* [What the task requires]: Would you please restate the data exactly as it stands, apart from the pictures?

* [Provided material]:
[Start of Attachment]

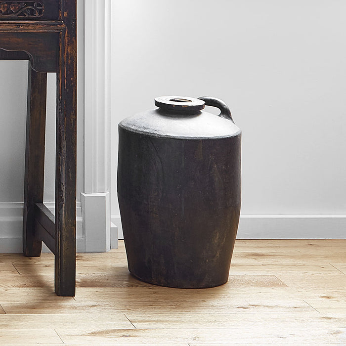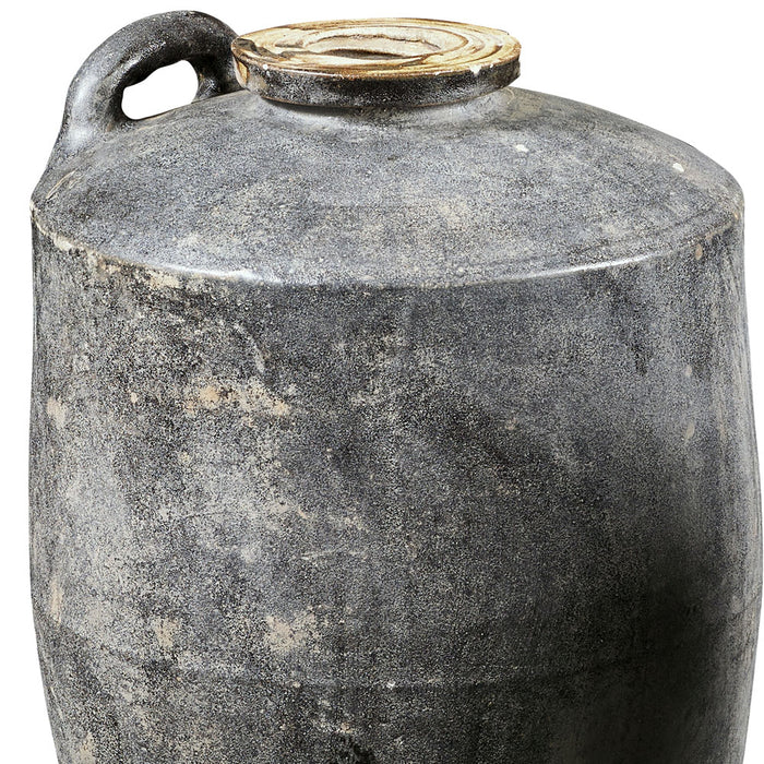These old jars date from the mid 20th century and would have been used originally to store oil. In a dark stone and with a handle, they are great as ornaments used either indoors or outside.
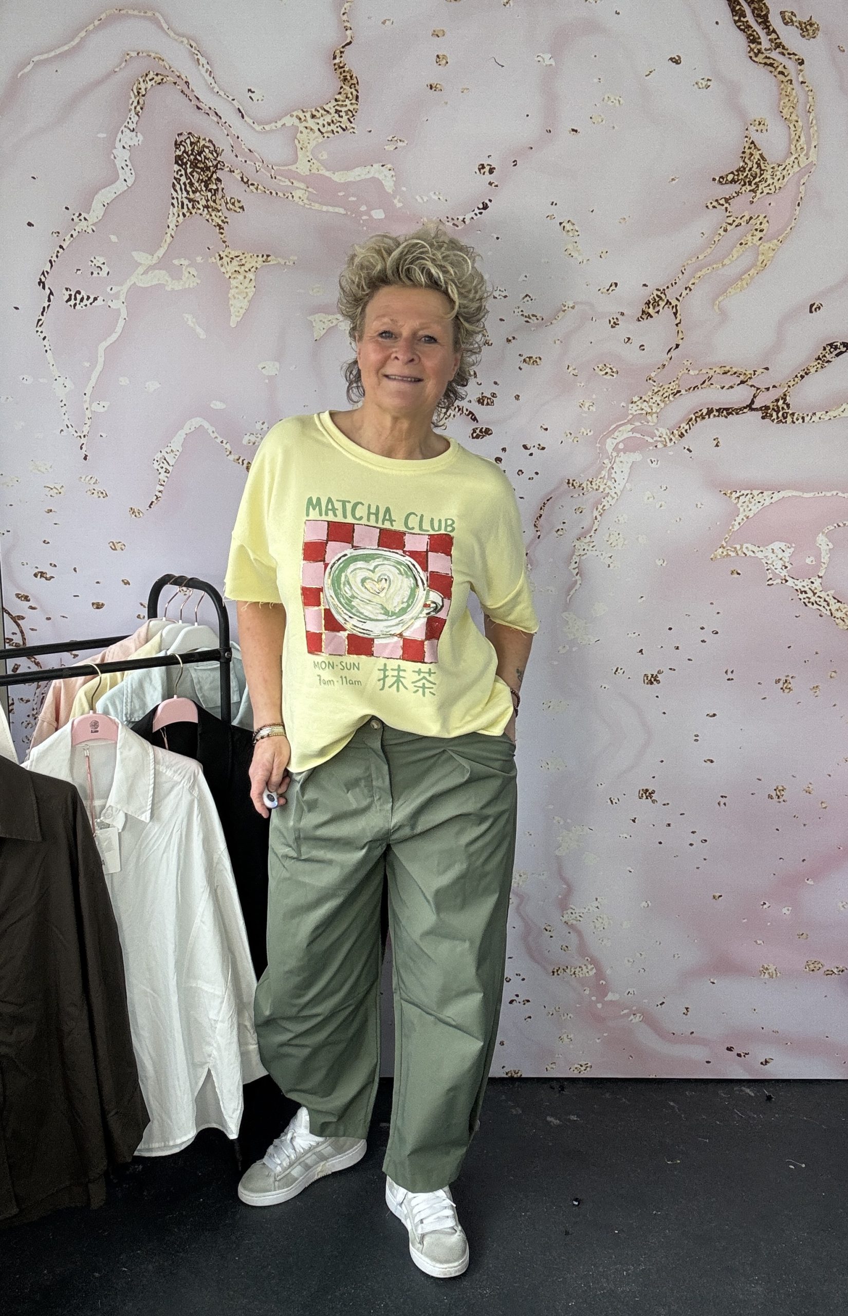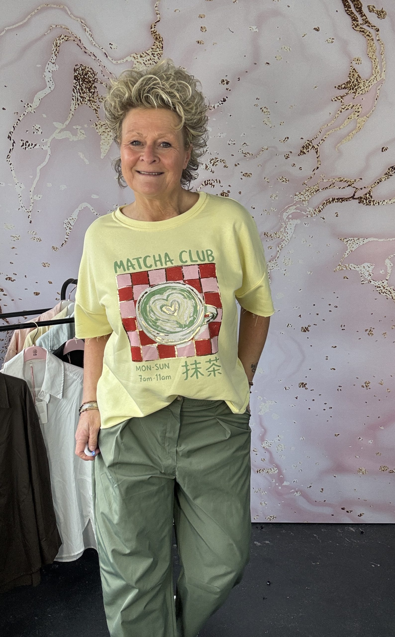 De sweater heeft een kort mouw en is qua materiaal en maat geweldig
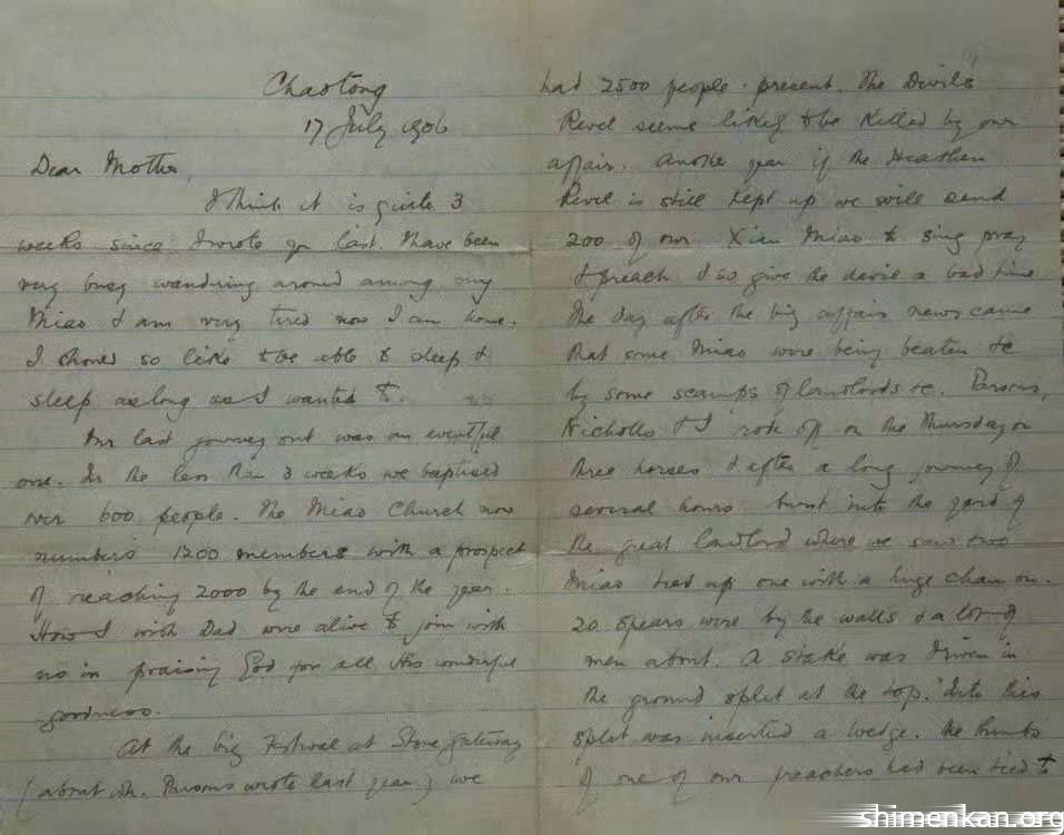 1904 年,不断有贵州苗族寻访者千里迢迢到云南昭通基督教教堂寻访“爱稣”,有时,“一天之中竟来了几百近千人”。这是由柏格理亲自摄下的一个场景

[End of Attachment]

* [Solution to this task]:
These old jars date from the mid 20th century and would have been used originally to store oil. In a dark stone and with a handle, they are great as ornaments used either indoors or outside.
 De sweater heeft een kort mouw en is qua materiaal en maat geweldig
 1904 年,不断有贵州苗族寻访者千里迢迢到云南昭通基督教教堂寻访“爱稣”,有时,“一天之中竟来了几百近千人”。这是由柏格理亲自摄下的一个场景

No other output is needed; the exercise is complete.